Customers lamented the downed systems online, turning to one another for advice on customs approvals and possible cargo re-routing.

The situation turned the head of Ryan Petersen, founder and CEO of digital freight forwarder Flexport. Petersen criticized the lack of attention on the duration of the downed systems saying six days after the incident, “The cyberattack that has rendered the largest international logistics company in the U.S. totally non-operational since last Sunday seems under-reported.”

Shares of Expeditors, with a market cap of about $17 billion, closed down 1.7 percent to $101.41 on Thursday.

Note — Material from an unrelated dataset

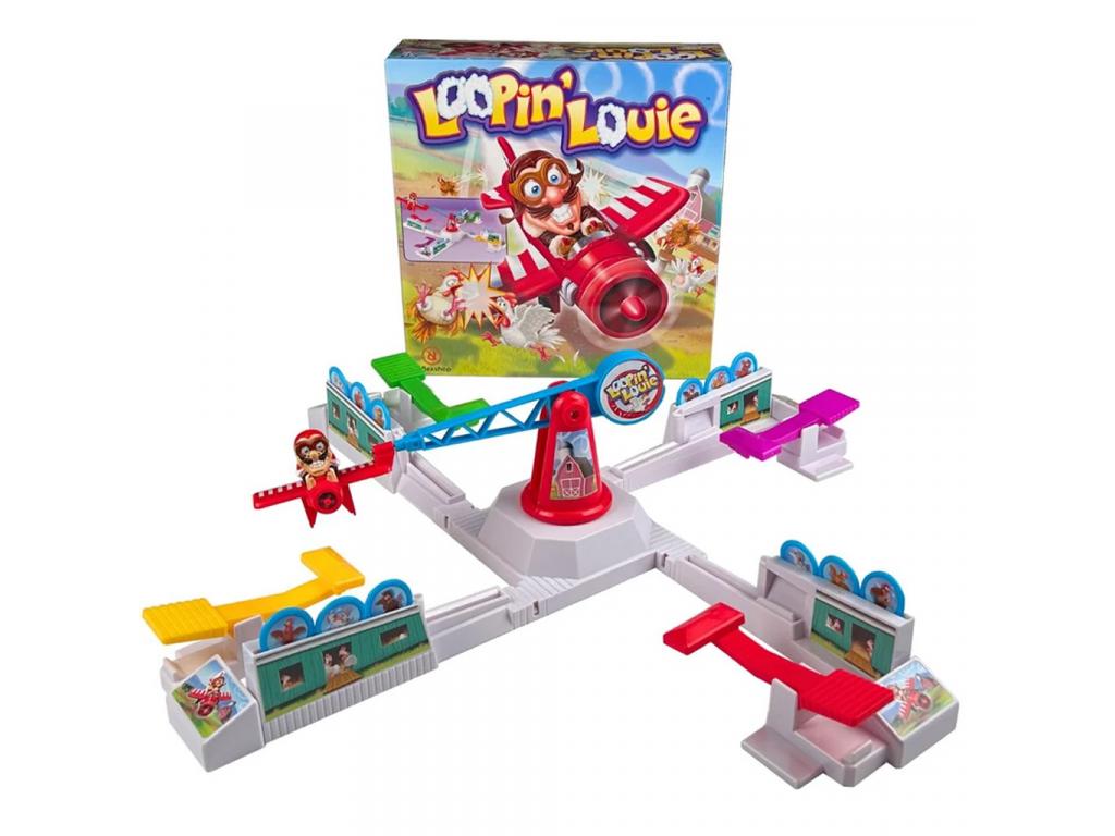 Készülj fel egy szédítő és nevetéssel teli kalandra Louie pilótával, aki újra és újra köröz a csibék fölött! A Loopin Louie társasjáték egy igazán pörgős, vicces és látványos ügyességi játék, amelyben a célod, hogy megvédd a saját csirkéidet a zuhanórepülésben támadó Loopin Louie-tól.

The company ended last year with net earnings of $1.4 billion on revenue of $16.5 billion as it worked to help customers get their goods, particularly in routes from China to the U.S. Ballooning rates and import demand have also helped the company’s more recent strong financial results.

“Our strong operating efficiency is a credit to the strength and resilience of our workforce, as our employees have been successfully able to secure the capacity needed to service our customers in these difficult conditions,” chief financial officer Bradley Powell said at the time of the company’s fourth-quarter earnings results. “While this has helped us produce strong financial results, we caution that should demand and rates return to pre-pandemic levels—whenever that may be—our revenues, expenses and operating income are likely to decline from the all-time highs that we experienced in 2021.”